• [DATA BELOW]:
****

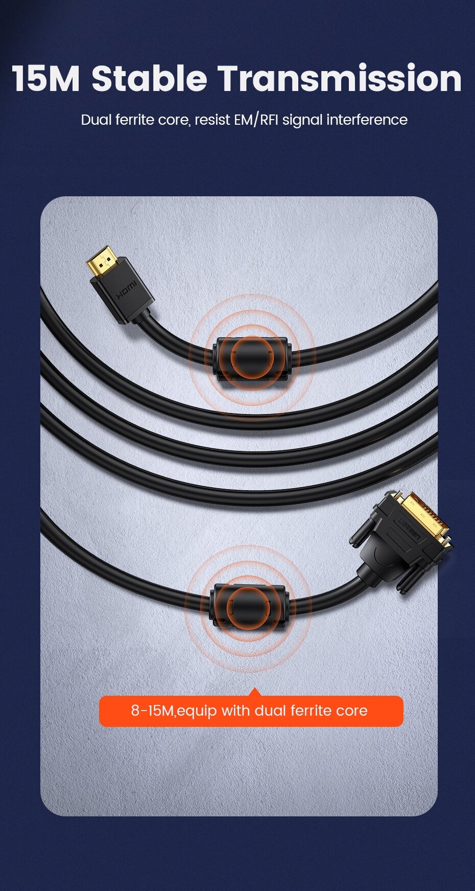 Кабель Ugreen HDMI - DVI-D (24+1), 30 AWG, OD 7,3 мм, 1080 60ц, 5 м (10137)
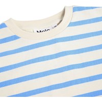 Kort T-shirt i mjuk, ekologisk bomull med blå och vita ränder, rund halsringning och ribbad kant. Den har en lös passform och är avslutad med broderie anglaise längs nederkanten.
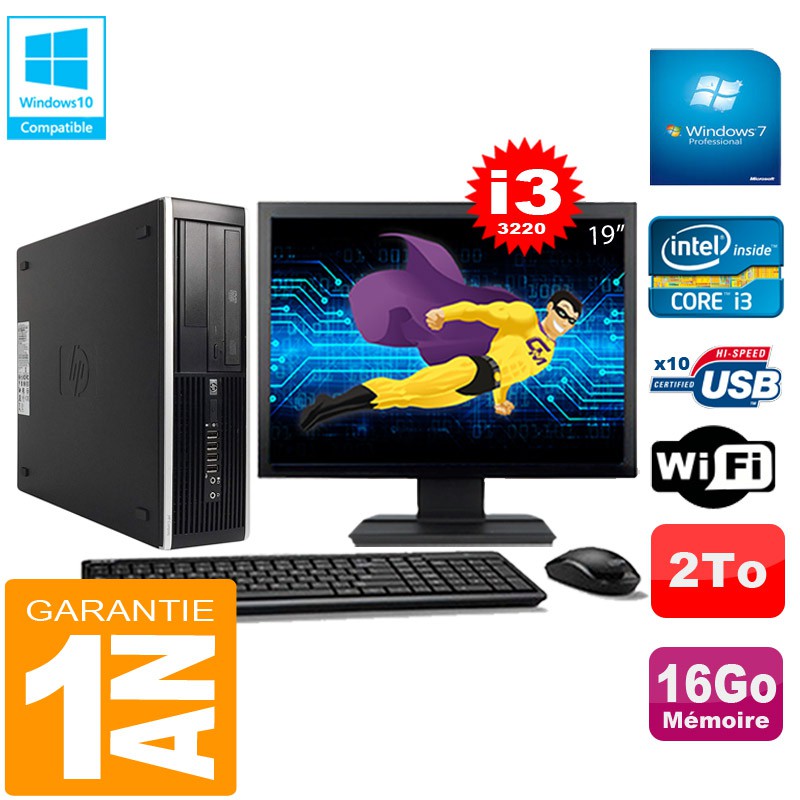 PC HP Compaq Pro 6300 SFF I3-3220 16Go 2To Graveur DVD Wifi W7 Ecran 19"

****

• [EXERCISE INSTRUCTIONS]: Exact copy, no pictures: please print the data above once more.

• [SOLUTION TO THE PROBLEM]:
 Кабель Ugreen HDMI - DVI-D (24+1), 30 AWG, OD 7,3 мм, 1080 60ц, 5 м (10137)
 Kort T-shirt i mjuk, ekologisk bomull med blå och vita ränder, rund halsringning och ribbad kant. Den har en lös passform och är avslutad med broderie anglaise längs nederkanten.
 PC HP Compaq Pro 6300 SFF I3-3220 16Go 2To Graveur DVD Wifi W7 Ecran 19"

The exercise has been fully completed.